For the young-looking Shkreli, one of the biggest problems was not part of the case, his purchase in 2014 of rights to a life-saving drug that he promptly raised the price from US$13.50 to US$750 per pill. Several potential jurors were kept off the panel after expressing disdain for the defendant, with one calling him a “snake” and another “the face of corporate greed.”

The defendant also came into the trial with a reputation for trolling his critics on social media to a degree that got him kicked off Twitter and for live-streaming himself giving maths lessons or doing nothing more than petting his cat, named Trashy. Among his other antics: boasting about buying a one-of-a-kind Wu-Tang Clan album for US$2 million.

During about a month of testimony, Shkreli appeared engaged at times, grinning when his lawyer described him as a misunderstood misfit. Other times he looked bored, staring into space and playing with his hair.

Shkreli, who comes from an Albanian family in Brooklyn, was arrested in 2015 on charges he looted another drug company he founded, Retrophin, of US$11 million in stock and cash to pay back the hedge fund investors. Investors took the witness box to accuse Shkreli of keeping them in the dark as his scheme unfolded.

“I don’t think it mattered to him, it was just what he thought he could get away with,” said Richard Kocher, a New Jersey construction company owner who invested US$200,000 with Shkreli in 2012. “It was insulting.”

Shkreli’s lawyer agreed his client could be annoying, saying, “In terms of people skills, he’s impossible,” and referring to him as a “nerd” and a “mad scientist.” But he said his hedge fund investors knew what they were getting.

“They found him strange. They found him weird. And they gave him money. Why? Because they recognised genius,” Brafman said, adding that they had signed agreements that his client wasn’t liable if they lost their money.

Jurors also heard odd vignettes befitting the quirky defendant: how Shkreli slept on the floor of his office in a sleeping bag for two years; how a drug company board member and former American Express executive wrote an email saying he’d meet Shkreli “only if I can touch your soft skin”; how Shkreli wrote to the wife of an employee threatening to make the family homeless if the man didn’t settle a debt.

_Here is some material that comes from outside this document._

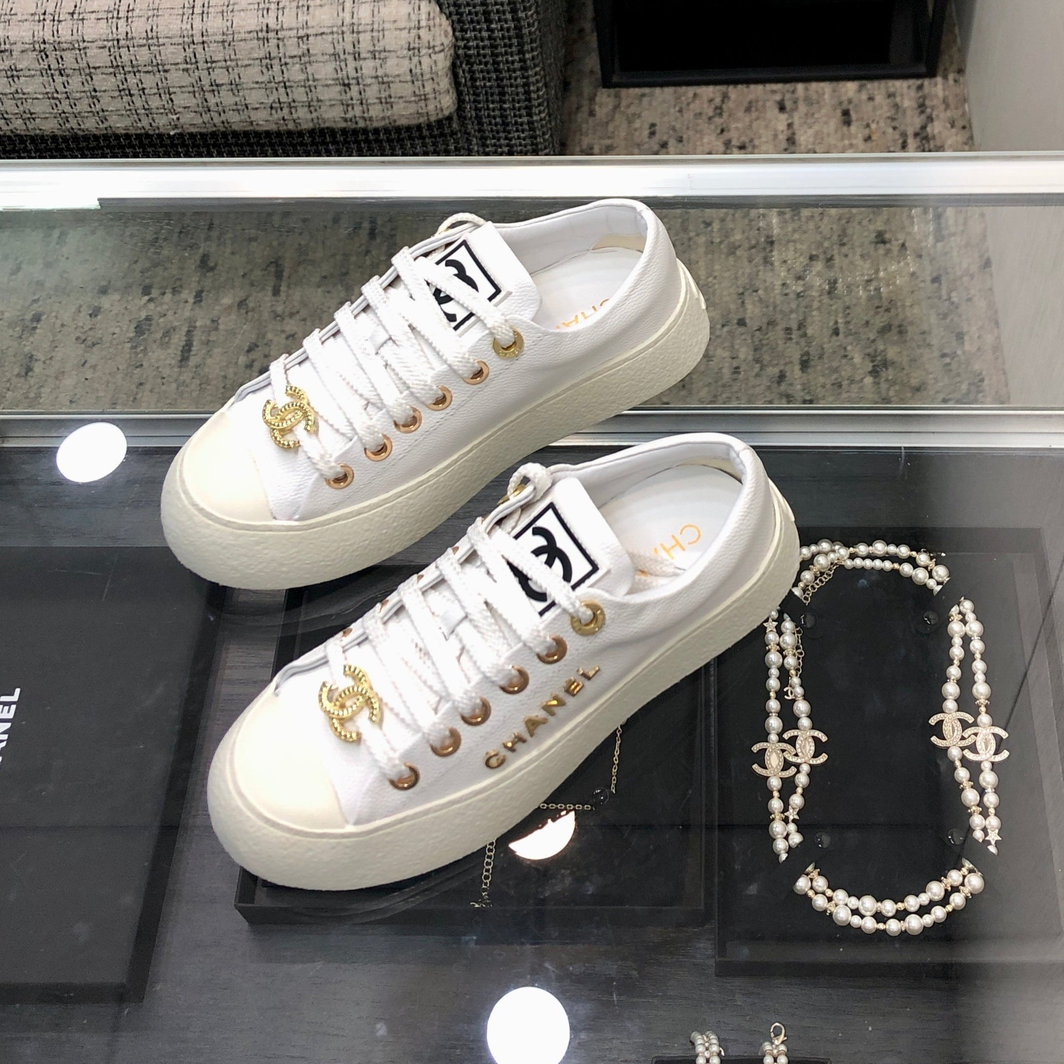 CASUAL SNEAKER IN WHITE LAMBSKIN WITH GOLD LOGO

Martin Shkreli, former chief executive officer of Turing Pharmaceuticals AG, right, arrives at federal court in the Brooklyn borough of New York on Friday, August 4, 2017. Photo: Bloomberg
Martin Shkreli, former chief executive officer of Turing Pharmaceuticals AG, right, arrives at federal court in the Brooklyn borough of New York on Friday, August 4, 2017. Photo: Bloomberg

Shkreli didn’t testify. But rather than lay low like his lawyers wanted, he got into the act by using Facebook to bash prosecutors and news organisations covering his case.

In one recent post, he wrote, “My case is a silly witch hunt perpetrated by self-serving prosecutors. Drain the swamp. Drain the sewer that is the (Department of Justice.)”

The judge ordered Shkreli to keep his mouth shut in and around the courtroom after another rant to new reporters covering the trial.

Prosecutors “blame me for everything,” he said. “They blame me for capitalism.”